The 5 Key Areas of Responsibility for Customer Success Operations

August 25, 2023

ESG Customer Success

Category: Customer Success as a Service, Customer Success Operations, Customer Success Resources, Customer Success Strategy, Customer Success Tools, Our Knowledge, Outcomes


The 5 Key Areas of Responsibility for Customer Success Operations

Customer Success Operations is a hot topic these days for good reason. Teams are learning to do more with less as economic challenges clash with new opportunities in the digital space. Having a CS Ops team is no longer the exception; it’s the rule. As of last year, nearly 60% of Customer Success organizations had dedicated operations personnel, and 64.1% of those teams collaborated better with their company’s broader operations department. CS Operations is so much more than just CS tool administration. They are the supporting foundation for Customer Success capabilities, and we know they are essential for making progress toward digitalization and CS maturity and growth.

That’s a lot sitting on the shoulders of one organization!

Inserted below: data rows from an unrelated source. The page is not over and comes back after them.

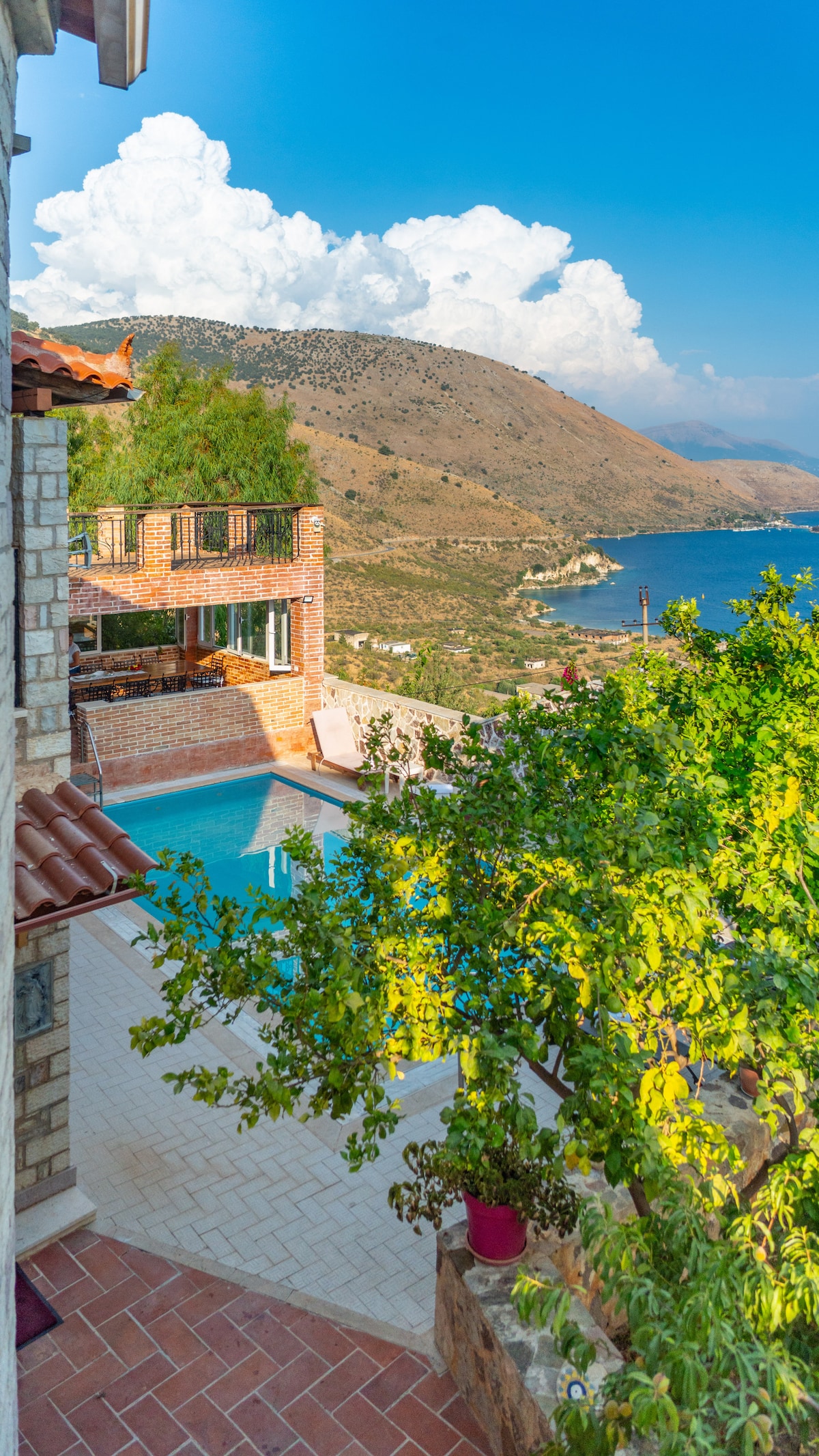 Located in Himare, Vlore, Albania, Ionian Manor Estate is a luxurious villa built in 2018 on the Albanian Riviera. With four spacious bedrooms, five elegant bathrooms, and a fully equipped kitchen, it offers comfort and relaxation. Enjoy the outdoor BBQ area, large pool, and expansive terrace with stunning views of the Ionian Sea. Experience a tranquil atmosphere and modern amenities in one of Albania's most picturesque locations.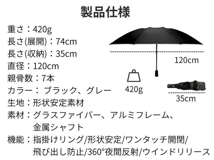 長傘にも負けない超広ワイドな直径120cmサイズ。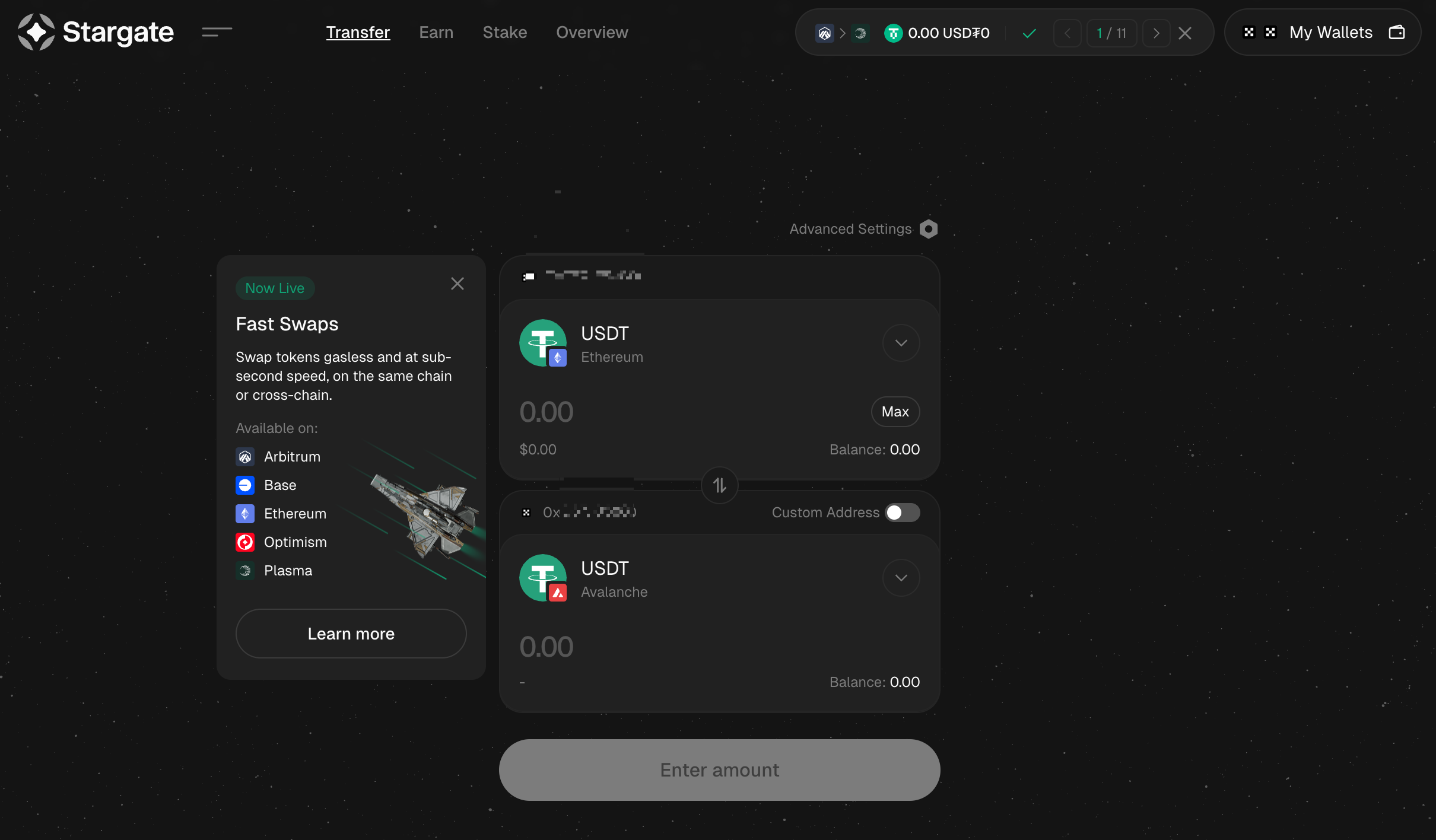 현재 자산을 보유한 체인과 토큰을 선택합니다. 예를 들어, 이더리움 네트워크상의 USDT를 선택할 수 있습니다. 다음으로 이를 전송할 대상 체인을 선택합니다. 예를 들어, 아발란체 체인을 선택할 수 있습니다.

Because they have so many different responsibilities (which only broaden as CS evolves) and interact with other organizations across the business, it’s hard to nail down everything they do. But it’s important for Customer Success leaders to fully grasp the five key areas of responsibility of Customer Success Operations so that we can better understand how to leverage their extraordinary capabilities and help them thrive in the future.

But first…who’s in charge of data?

One of the issues that Customer Success Operations teams face is that they are often tasked with the gargantuan responsibility of tackling all of their entire organization’s data woes. Not just CS’s but everybody’s. This could entail searching out, cleaning, and decluttering all customer data. Or, they might have to connect disparate systems’ data into streamlined, easy-to-understand tools. It’s common for CS Ops to step into the role of researching, deploying, and integrating a platform that incorporates every department’s data – Marketing, Sales, Product, Support, and so on – and making it easy for all of them to access and use it. Frequently, all of this and more gets heaped onto the plate of CS Ops. Talk about data overload. These are difficult to near-impossible tasks on a good day, let alone in a business that hasn’t cleaned or organized its customer data in decades.

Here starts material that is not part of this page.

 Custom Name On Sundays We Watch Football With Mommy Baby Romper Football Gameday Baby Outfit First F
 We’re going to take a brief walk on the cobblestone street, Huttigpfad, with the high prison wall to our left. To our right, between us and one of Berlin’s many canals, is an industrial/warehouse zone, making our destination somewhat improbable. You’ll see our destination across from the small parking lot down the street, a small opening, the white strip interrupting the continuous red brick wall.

CS Operations does have a role to play with data. A pretty important one. It’s in Customer Success’s nature to pull together every moment of the customer journey into a cohesive roadmap of progress and momentum. Data – having it generally speaking and having the right data, specifically – is integral to this whole process. We task CS Ops with gathering all customer touchpoints across departments, unifying everything and anything that could impact the customer, and bringing it all into one place. But too many times, this work puts them in the difficult position of being the first (and likely only) team or individual who has ever tried to unify all this customer information across business units. They are forced to lead the drive to fix the whole business’s data problems, usually from the backseat.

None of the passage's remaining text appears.